DNA sequencing is the process of determining the sequence of nucleotide bases, adenine (A), thymidine (T), cytosine (C) and guanine (G) in a piece of DNA.

To sequence an entire genome which is all of the organism’s DNA is extremely complex. It requires breaking genomic DNA into many smaller pieces, sequencing each of those pieces, assembling the sequences into  a single long consensus. New methods have been developed over the years which are now much quicker and less expensive. Even so without those pioneering early methods we would not understand how genes are constructed. It has also led to the development of the Human genome project.

The Context For Sanger’s Sequencing Method: Chain termination.

The DNA sequencing method developed by Fred Sanger is the basis of the automated ‘cycle’ of sequencing reactions we use today. In the 1980s there were a couple of developments in molecular biology that showed scientists working in genetic engineering that it would be feasible to clone an entire genome.

The first technique was the polymerase chain reaction (PCR) which meant that many copies of a DNA sequence could be quickly and accurately produced. The second technique was the automated method of DNA sequencing which builds on the chemistry behind PCR and Fred Sanger’s sequencing process that he published in 1977. The commercial system was developed and sold by Applied Biosystems and it still remains a viable commercial sequencing method into the 2020s.

The method is ideal for relatively short pieces of DNA which are about 900 base pairs in length. It is the approach used in the Human Genome Project where small sections of DNA have been routinely analysed. To construct a larger sequence, fragments of DNA are aligned as overlapping portions. The sequences of larger sections of DNA are built up and eventually the entire chromosome is sequenced.

What Is Needed For Sanger Sequencing

Arthur Kornberg first established the principles of DNA regulation and Fred Sanger built his method upon that. A new DNA strand is synthesized using an existing strand as the template. The Sanger sequencing method relies on making copies of a target DNA region. The ingredients are the same as those required for DNA replication in all organisms and for polymerase chain reactions. What is required is:

  • A DNA polymerase enzyme
  • a primer which is just a short piece of single-strand DNA that binds to the template DNA and serves as the starter or initiator for the polymerase.
  • The four DNA nucleotides denoted as dATP, dTTP, dCTP, dGTP.
  • A piece of template DNA to be sequenced.

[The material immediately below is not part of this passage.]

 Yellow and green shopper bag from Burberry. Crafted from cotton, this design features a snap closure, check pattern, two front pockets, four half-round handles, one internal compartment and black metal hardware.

The key unique ingredients however which the Sanger method relies on are:-

  • dideoxy or chain-terminating versions of all the four nucleotides. These are ddATP, ddTTP, ddCTP and ddGTP. Each one is labelled with a different colour dye or as a radioactive label

The dideoxynucleotides are very similar to the deoxynucleotides save for one change in the chemical structure. The dideoxynucleotides lack a hydroxyl group on the 3′ carbon of the sugar ring. In a ‘normal’ or typical nucleotide, the 3′ hydroxyl group is needed as the group used by the DNA polymerase to attach a new nucleotide and so keep on extending that sequence of DNA.

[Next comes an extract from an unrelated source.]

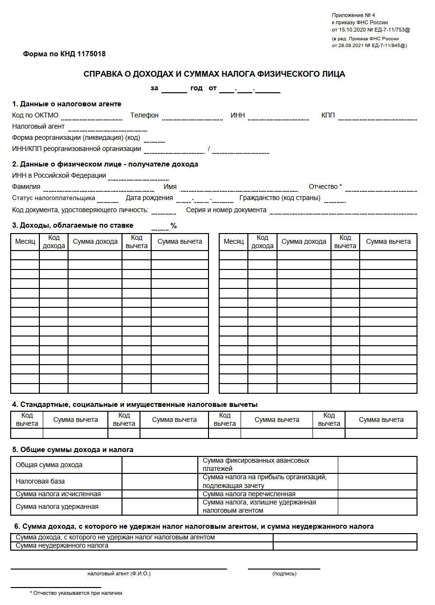 А с 2021 года налоговый агент выдает справки о доходах и суммах налога физлица. Она утверждена Приказом ФНС № ЕД-7-11/753@:

The 5′ carbon of the next added deoxynucleotide (dNTP) is joined to the 3′ carbon at the end of the chain. The hydroxyl groups in each position form ester linkages with a central phosphate. using this sequence of events, the nucleotide chain elongates. The link is usually termed the phosphodiester link.

Sanger’s method means that as with a deoxynucleotide, a ddNTP is added to the chain by forming a phosphodiester linkage at its 5′ end. In this case, the ddNTP lacks the key 3′ hydroxyl group required to form the next phosphodiester link with the next incoming nucleotide. The addition of ddNTP stops the elongation.

Methodology Of Sequencing

The DNA is sequenced by doing 4 separate reactions. Each one provides sequence information for each of the nucleotides. Each reaction contains the template DNA, a short primer of about 20 nucleotides, DNA polymerase and the four dNTP’s one of which is radioactively labeled.

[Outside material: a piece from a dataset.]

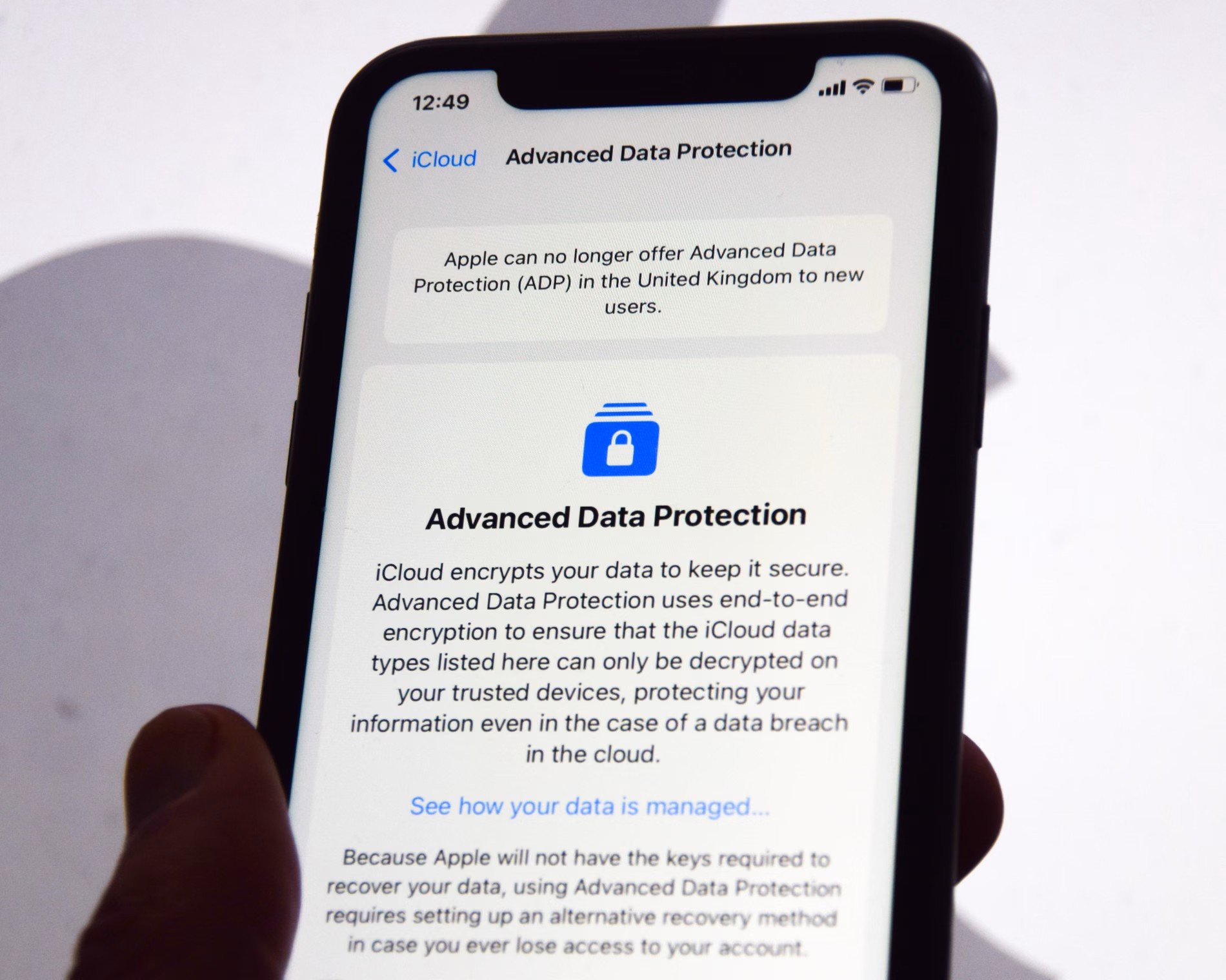 Britansko notranje ministrstvo je Applu ponovno odredilo, da mora zagotoviti dostop do kopij podatkov, ki jih imajo uporabniki v iCloudu. Novi ukaz, ki se formalno imenuje obvestilo o tehničnih zmožnostih (technical capability notice) se to pot omejuje na britanske prebivalce in ne celi svet. Dodajajo, da se bodo še naprej zavzemali za varnost britanskih državljanov, kamor očitno sodi tudi vohljanje po njihovih podatkih.

One type of ddNTP is added to each reaction mixture meaning you have 4 different reactions to be monitored.

The mixture is first heated to denature the template DNA which means separating the strands. It is cooled so that the primer can bind to the single-stranded template.

The DNA polymerase does not distinguish between the dNTPs or the ddNTPs. Every time a ddNTP is incorporated, synthesis is terminated and a DNA strand is generated. For example, if ddATP was paired with thymine as the corresponding base pair. The dATP is the radioactive trace but has no effect on elongation. Because billions of DNA molecules are present, the elongation reaction is terminated at any adenine position. This produces DNA strands of different lengths. The same is true for the other three terminator reactions.

Each reaction mixture os loaded into a separate lane on an SDS-polyacrylamide gel containing urea. This compound prevents DNA strands from renaturing during electrophoresis.

Ionized phosphates give the DNA molecule a negative charge, so DNA migrates towards the positive pole of an electric field. The movement of DNA molecules through the polyacrylamide gel is size dependent.

Over the course of electrophoresis, the shorter DNA molecules move further down the gel than the larger ones. Millions of terminated DNA molecules migrate to the same place and produce a ‘band’ in the gel.

After electrophoresis the gel is sandwiched against an X-ray film. The radioactive adenine in the synthesized DNA emits beta particles which are exposed on the film. This makes a record of the position of DNA bands in the gel. The sequencing gel is then read from bottom to top. The sequence of bands in the various terminator lanes produces the sequence of nucleotides in the template DNA.

An Alternative Method Of Reading The Sequence

The process of replication is repeated in a number of cycles. By the time cycling is complete, its virtually guaranteed that a dideoxynucleotide is incorporated at every single position of the target DNA in at least one reaction. That means, the tube will contain fragments of different lengths, ending at each of the nucleotide positions in the original DNA. The ends of the fragments will be labelled with dyes that indicate their final nucleotide.

After the reaction is completed, the fragments are run through a long, thin tube containing a gel matrix in a process called capillary gel electrophoresis.

Short fragments move quickly through the pores of the gel, while long fragments move more slowly. As each fragment crosses the finishing line at the end of the tube, it is illuminated by a laser, allowing the attached dye to be detected.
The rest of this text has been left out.